Sea como fuere, el colectivo docente, obligado por el currículo escolar a trasladar la realidad de esta época histórica, especialmente los últimos setenta-ochenta años de la Historia reciente, debe sentirse concernido… por esta anomalía educativa. No es de recibo que los datos indiquen que la juventud española posea más conocimiento sobre la situación de la Alemania nazi que de la España republicana; de las dos guerras mundiales, que de la Guerra Civil; de la Guerra Fría, que del Franquismo y la Transición española. Algo se ha hecho mal. Algo se sigue haciendo mal y hay que buscar soluciones que cambien esta situación.

Es cierto que la aprobación de la actual Ley de Memoria Democrática de 2022 (sustituyendo a la anterior Ley de Memoria Histórica, de 2007, del gobierno de Zapatero) ha dado un impulso sustancial a iniciativas de plataformas privadas no gubernamentales y equipos docentes universitarios que ya habían iniciado con evidente falta de medios esta recuperación de parte de la Historia reciente olvidada. Es necesario perseverar en el desarrollo legislativo para que continúen desarrollándose todo tipo de actos reivindicativos de un pasado común demasiado tiempo olvidado.

Pero no es menos cierto que la enseñanza obligatoria ordinaria, organizada a través de la LOMLOE, sigue dejando demasiado espacio de reincidencia en los errores cometidos en leyes anteriores: currículos excesivamente amplios y mala programación temporal de ciertos temas actuales, que, en el mejor de los casos, son citados para que sólo el alumnado despierto, con afán detectivesco, profundice por su propia cuenta.

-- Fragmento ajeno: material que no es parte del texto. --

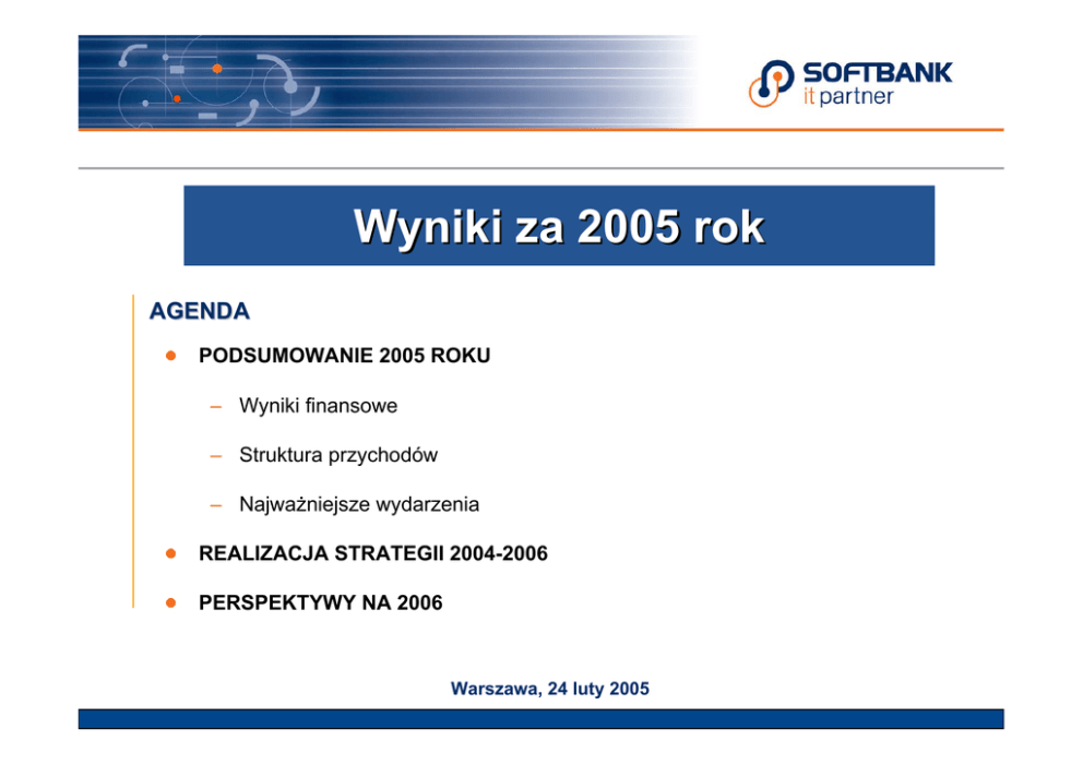 Wyniki za 2005 rok AGENDA PODSUMOWANIE 2005 ROKU – Wyniki finansowe – Struktura przychodów – Najważniejsze wydarzenia REALIZACJA STRATEGII 2004-2006 PERSPEKTYWY NA 2006 Warszawa, 24 luty 2005 Plan prezentacji AGENDA PODSUMOWANIE 2005 ROKU – Wyniki finansowe – Struktura przychodów – Najważniejsze wydarzenia REALIZACJA STRATEGII 2004-2006 PERSPEKTYWY NA 2006 Wyniki finansowe Skonsolidowany rachunek wyników za IV kw. 2005 r. mln PLN IV kw '05 IV kw '04 zmiana Przychody ze sprzedaży 258,2 223,1 16% Zysk/strata brutto ze sprzedaży 26,9 26,0 3% Koszty sprzedaży -6,0 -4,3 Koszty ogólnego zarządu -11,3 -12,8 Zysk/strata netto ze sprzedaży 9,6 8,9 Pozostałe przychody operacyjne 1,7 2,5 Pozostałe koszty operacyjne -1,3 -2,6 Zysk z działalności operacyjnej 10,1 8,8 Przychody finansowe 14,7 61,7 Koszty finansowe -8,2 -74,1 Zysk/strata brutto 16,6 -8,1 Zysk strata/netto dla akcjonariuszy Softbank 12,1 -3,2 Wyniki za 2005 rok Zawiera przychody Grupy Koma SA, Incenti, Gladstone, brak przychodów Epsilio 8% 14% Niedopasowanie zabezpieczeń instrumentów. Zwiększenie efektywności zabezpieczeń instrumentów 3 Wyniki finansowe Skonsolidowany rachunek wyników za 2005 r. mln PLN 2005 2004 zmiana Przychody ze sprzedaży 536,9 482,0 11% Zysk/strata brutto ze sprzedaży 99,3 96,0 3% Koszty sprzedaży -15,7 -13,9 Koszty ogólnego zarządu -42,0 -54,4 Zysk/strata netto ze sprzedaży 41,6 27,8 Pozostałe przychody operacyjne 14,9 8,0 Pozostałe koszty operacyjne -4,3 -14,3 Zysk z działalności operacyjnej 52,3 21,5 Przychody finansowe 59,8 73,7 Koszty finansowe -59,5 -96,1 Zysk/strata brutto 52,5 -5,4 Zysk strata/netto dla akcjonariuszy Softbank 44,7 0,4 Wyniki za 2005 rok 50% zawiera odprawy dla zarządu i kierownictwa ok. 10 mln PLN 143% zawiera 11,3 mln PLN zwrotu podatku 4 Wyniki finansowe Bilans na koniec 2005 r. mln PLN 31.12.05 31.12.04 Aktywa trwałe (długoterminowe) 320,5 246,3 Aktywa obrotowe (krótkoterminowe) 352,0 284,1 SUMA AKTYWÓW 672,5 530,4 Kapitał własny 288,6 140,7 Zobowiązania długoterminowe 93,6 86,7 Zobowiązania krótkoterminowe 290,2 302,9 SUMA PASYWÓW 672,5 530,4 Wyniki za 2005 rok Wzrost wynika z zakupu akcji Koma, Gladstone, Incenti i Asseco. Wzrost należności handlowych +43 mln PLN, śr.pien. +15 mln Podwyższenie kapitału o 110 mln PLN w Softbank SA Wynik za 2005 rok +45 mln PLN 5 Wyniki finansowe Rachunek przepływów pieniężnych za 2005 r. mln PLN Środki pieniężne netto z działalności operacyjnej Amortyzacja 2005 2004 39,9 -26,4 10,1 10,9 Zwrot podatku 11 mln PLN Akwizycje – gotówka spółek Środki pieniężne netto w działalności inwestycyjnej -14,6 -58,9 Środki pieniężne netto z działalności finansowej -10,5 80,5 30,6 0,0 Zmiana netto stanu środków pieniężnych 14,8 -4,8 Środki pieniężne na koniec okresu 62,2 47,3 Wpływy z tytułu emisji akcji Zmiana struktury należności do zobowiązań handlowych. Spłata zadłużenia Softbank – 22,5 mln PLN Koma – 20,3 mln PLN Incenti – 8,3 mln PLN Sawan- 4,4 mln PLN Gladstone – 3,5 mln PLN Wyniki za 2005 rok 6 Wskaźniki finansowe Rentowność Grupy w 2005 r. % IV kw '05 IV kw '04 2005 2004 Marża brutto ze sprzedaży, w tym: 10,4% 11,7% 18,5% 19,9% na sprzedaży produktów i usług 21,4% 11,8% 29,3% 20,6% na sprzedaży towarów i materiałów 5,5% 11,6% 9,2% 19,0% Marża netto ze sprzedaży 3,7% 4,0% 7,7% 5,8% Marża operacyjna 3,9% 4,0% 9,7% 4,5% Marża brutto 6,4% -3,6% 9,8% -1,1% Marża netto 4,7% -1,4% 8,3% 0,1% Optymalizacja wykorzystania zasobów w projektach, Zwiększenie rentowności kontraktu CEPiK Wyniki za 2005 rok Spadek ze względu na kontrakty sprzętowe Koma SA Różnice kursowe obniżyły wynik fin. 7 Plan prezentacji AGENDA PODSUMOWANIE 2005 ROKU – Wyniki finansowe – Struktura przychodów – Najważniejsze wydarzenia REALIZACJA STRATEGII 2004-2006 PERSPEKTYWY NA 2006 Struktura sprzedaży Struktura przychodów 2005 Struktura sprzedaży wg sektorów mln PLN 2005 2004 Bankowość 323 303 Administracja Publiczna 141 146 Pozostałe sektory 73 33 RAZEM 537 482 Pozostałe sektory 14% Administracja publiczna 26% Bankowość 60% Największe kontrakty mln PLN 2003 2004 2005 2006-2010 ZSI w PKO BP 6 37 53 568 CEPiK w MSWiA 15 53 31 113 RAZEM 22 90 84 681 % przychodów 6% 18% 16% b.d. Wyniki za 2005 rok 9 Struktura sprzedaży Struktura przychodów ze sprzedaży produktów mln PLN 2005 2004 Oprogramowanie i wdrożenia 132 156 Serwis 106 85 Sprzęt komputerowy 4 39 Pozostałe 6 4 248 284 RAZEM Struktura przychodów ze sprzedaży towarów i materiałów mln PLN 2005 2004 Sprzęt komputerowy 209 134 Oprogramowanie 80 64 RAZEM 289 198 Wyniki za 2005 rok Struktura przychodów 2005 Pozostałe 1% Serwis 20% Oprogramowanie 39% Sprzęt 40% 10 Plan prezentacji AGENDA PODSUMOWANIE 2005 ROKU – Wyniki finansowe – Struktura przychodów – Najważniejsze wydarzenia REALIZACJA STRATEGII 2004-2006 PERSPEKTYWY NA 2006 2005 rok w sektorze bankowym Najważniejsze kontrakty Realizacja Zintegrowanego Systemu Informatycznego dla banku PKO BP (wdrożenie pilotowego systemu) Wdrożenie Systemu Monitorowania Obrotu Gotówkowego w banku Pekao SA Przychody z sektora bankowego + 6% 300 303 323 2004 2005 227 Realizacja systemu informatycznego "Wspomagający System Centralny" w PKO BP Rozbudowy konfiguracji sprzętowych dla potrzeb eksploatacji Systemu ZORBA-3000 Realizacja kontraktów na wdrożenia systemu zarządzania ryzykiem dla Raiffeisen Polska i Raiffeisen Zentralbank Österreich AG. 2002 2003 Kontynuacja wdrożenia systemu do obsługi ubezpieczeń w PZU SA oraz systemu fin.-księgowego w PZU Życie SA Wdrożenie systemu Egzekutor w ING Bank Śląski (nagroda za Produkt Roku 2005) Kontrakt na realizację Bankowej Platformy Integracyjnej dla BGŻ S.A. Wyniki za 2005 rok 12 2005 rok w administracji publicznej Najważniejsze kontrakty Przychody z sektora administracji publicznej Realizacja kontraktu na wdrożenie systemu informatycznego Centralnej Ewidencji Pojazdów i Kierowców (

Es urgente revisar los contenidos y primar aquellos que adquieran protagonismo en el desarrollo personal, crítico y solidario del alumnado, lo que significa ser conscientes de que hay que seleccionar y buscar el objetivo final de la educación y no el reparto equitativo de disciplinas para la satisfacción de sus especialistas docentes respectivos.

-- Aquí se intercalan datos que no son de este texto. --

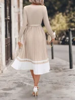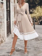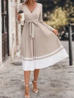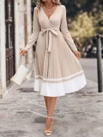 Be the first to review “SMY Clasi Women’s Elegant Fitted Knit V-Neck Contrast Color Pleated Hem Dress” Cancel reply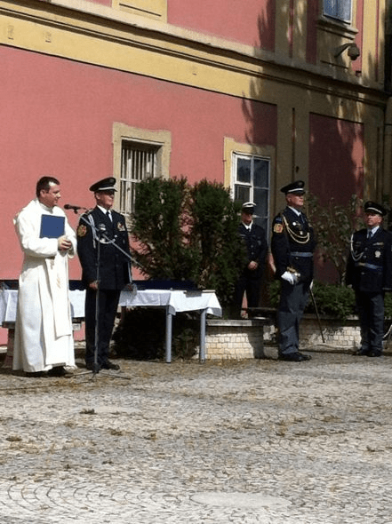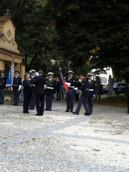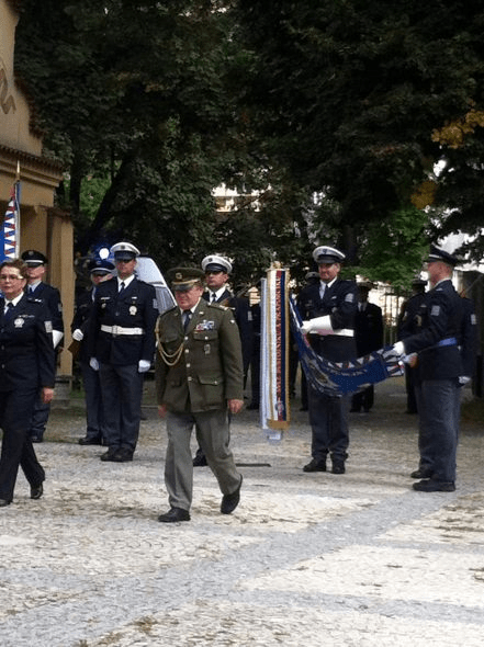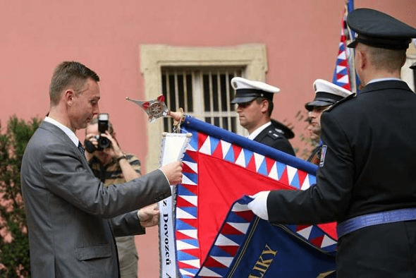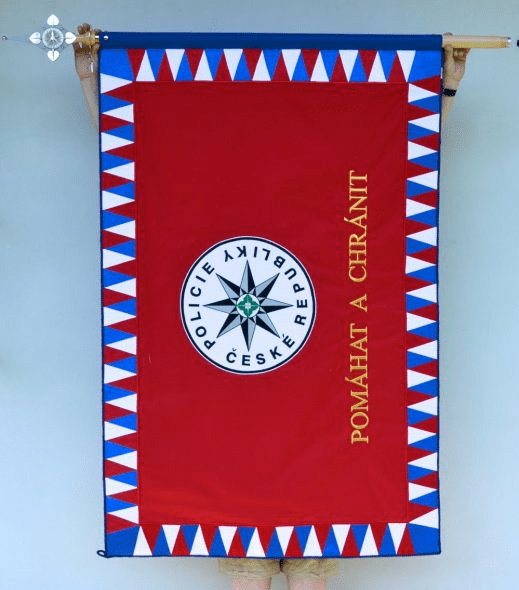 Embroidered police flag was made on the occasion of the 94th anniversary of the traffic police. Interior Minister Martin Pecina participation of the Chief of Police Martin Wormtail, Director of the Traffic Police Tomáš Lerch and other distinguished guests gave the ceremonial Traffic Police flag. The traditional ceremony at the premises of the Police Museum in Prague Charles was the blessing of new standards.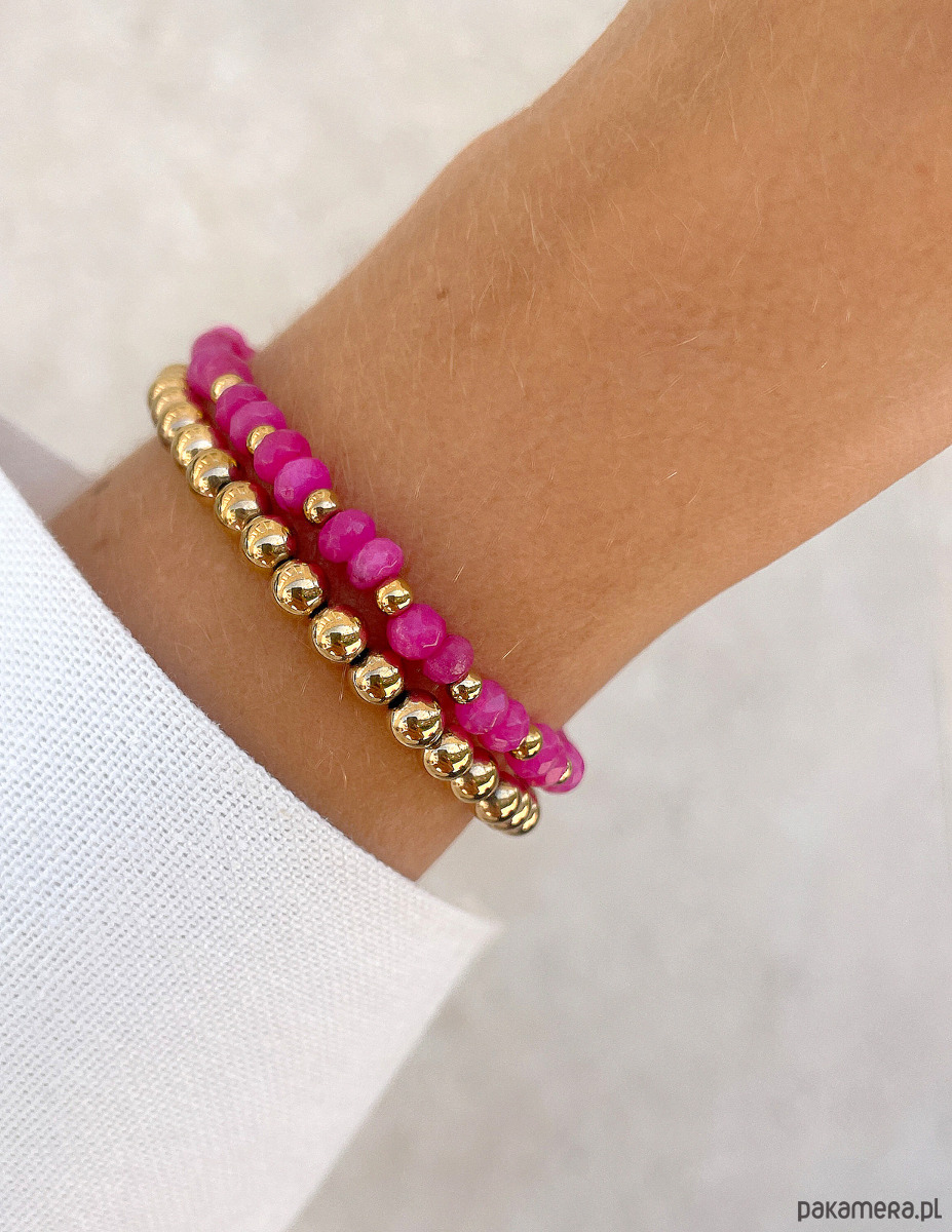 Zestaw dwóch bransoletek na żyłce elastycznej z kamieni naturalnych – Jadeit Różowy z Hematytem w kolorze złotymKamień: jadeit, hematyt

Los innumerables estudios sobre la juventud también manifiestan con claridad que la educación no es sino una parte -y no precisamente la mayor- de su caudal formativo. La sociedad, a través de sus múltiples formas de comunicación, participa en ese proceso. De unos años a esta parte, el papel de la familia es cada vez más reducido en beneficio del que ocupan las redes sociales. Los estudios más benévolos cifran el uso de estas últimas entre dos y cuatro horas diarias, pero cada vez son más las insinuaciones de que este marco está ampliamente rebasado, a la vez que desciende la edad de los/as usuarios/as online.

No es este el espacio para centrarse en las redes sociales como fuente de comunicación/conocimiento, pero si es pertinente insistir en aconsejar sobre la necesaria verificación de la información así recibida (una mentira, repetida un millón de veces, sigue siendo una mentira) y del discernimiento entre ocio/diversión y aprendizaje.

Si es un aserto defendido por la mayoría política que la mejor forma de gobierno justa y conveniente para vivir en armonía es la democracia, pongamos las herramientas disponibles en manos de nuestra juventud para que la conozca, disfrute, critique y acabe apoyando.

Desatar el prieto nudo en que el dictador creía haber dejado el futuro del país no será cuestión de ensoñaciones utópicas, de nuevos cultos caudillistas, ni de nostalgias familiares. Desatarlo, requerirá de la mejor disposición de administraciones públicas, partidos políticos y colectivos partidarios de la democracia. Pero, principalmente, exigirá una ciudadanía que desee seguir apostando por conocer su pasado para no repetirlo.